Managing NFS and NIS, 2nd Edition - Mike Eisler [190]
These problems affect NIS and diskless client booting; they are best sorted out by using rpcinfo to emulate an RPC call and by observing server responses. Networks with multiple, heterogeneous servers may produce multiple, conflicting responses to the same broadcast request. Debugging problems that arise from this behavior often require knowing the order in which the responses are received.
Here's an example: we'll perform a broadcast and then watch the order in which responses are received. When a diskless client boots, it may receive several replies to a request for boot parameters. The boot fails if the first reply contains incorrect or invalid boot parameter information. rpcinfo -b sends a broadcast request to the specified RPC program and version number. The RPC program can either be specified in numeric (100026) form, or in its name equivalent (bootparam):
% rpcinfo -b bootparam 1
fe80::a00:20ff:feb5:1fba.128.67 unknown
fe80::a00:20ff:feb9:2ad1.128.78 unknown
131.40.52.238.128.67 mora
131.40.52.81.128.68 kanawha
131.40.52.221.128.79 holydev
Next Broadcast
% rpcinfo -b bootparam 1
131.40.52.81.128.68 kanawha
fe80::a00:20ff:feb5:1fba.128.67 unknown
131.40.52.238.128.67 mora
fe80::a00:20ff:feb9:2ad1.128.78 unknown
131.40.52.221.128.79 holydev
Next Broadcast
In this example, a broadcast packet is sent to the boot parameter server (bootparam). rpcinfo obtains the RPC program number (100026) from /etc/rpc or the rpc.bynumber NIS map (depending on /etc/nsswitch.conf ). Any host that is running the boot parameter server replies to the broadcast with the standard null procedure "empty" reply. The universal address for the RPC service is printed by the requesting host in the order in which replies are received from these hosts (see the sidebar).

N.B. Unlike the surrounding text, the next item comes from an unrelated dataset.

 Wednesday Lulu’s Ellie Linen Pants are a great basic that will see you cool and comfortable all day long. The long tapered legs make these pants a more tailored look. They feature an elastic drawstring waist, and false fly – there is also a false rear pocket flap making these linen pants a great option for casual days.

After a short interval, another broadcast is sent.
* * *
Universal addresses
A universal address identifies the location of a transport endpoint. For UDP and TCP, it is composed of the dotted IP address with the port number of the service appended. In this example, the host kanawha has a universal address of 131.40.52.81.128.68.

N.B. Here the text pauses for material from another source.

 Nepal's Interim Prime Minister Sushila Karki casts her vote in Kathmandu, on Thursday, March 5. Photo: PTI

The first four elements in the dotted string form the IP address of the server kanawha:
% ypmatch 131.40.52.81
hosts.byaddr
131.40.52.81 kanawha
The last two elements, "128.68", are the high and low octets of the port on which the service is registered (32836). This number is obtained by multiplying the high octet value by 2^8 and adding it to the low octet value:
128 * 2^8 = 32768 (high
octet)
+ 68 (low octet)
-----
32836 (decimal representation of port)
rpcinfo helps us verify that bootparam is indeed registered on port 32836:
% rpcinfo -p kanawha | grep
bootparam
100026 1 udp 32836 bootparam
* * *
Server loading may cause the order of replies between successive broadcasts to vary significantly. A busy server takes longer to schedule the RPC server and process the request. Differing reply sequences from RPC servers are not themselves indicative of a problem, if the servers all return the correct information. If one or more servers has incorrect information, though, you will see irregular failures. A machine returning correct information may not always be the first to deliver a response to a client broadcast, so sometimes the client gets the wrong response.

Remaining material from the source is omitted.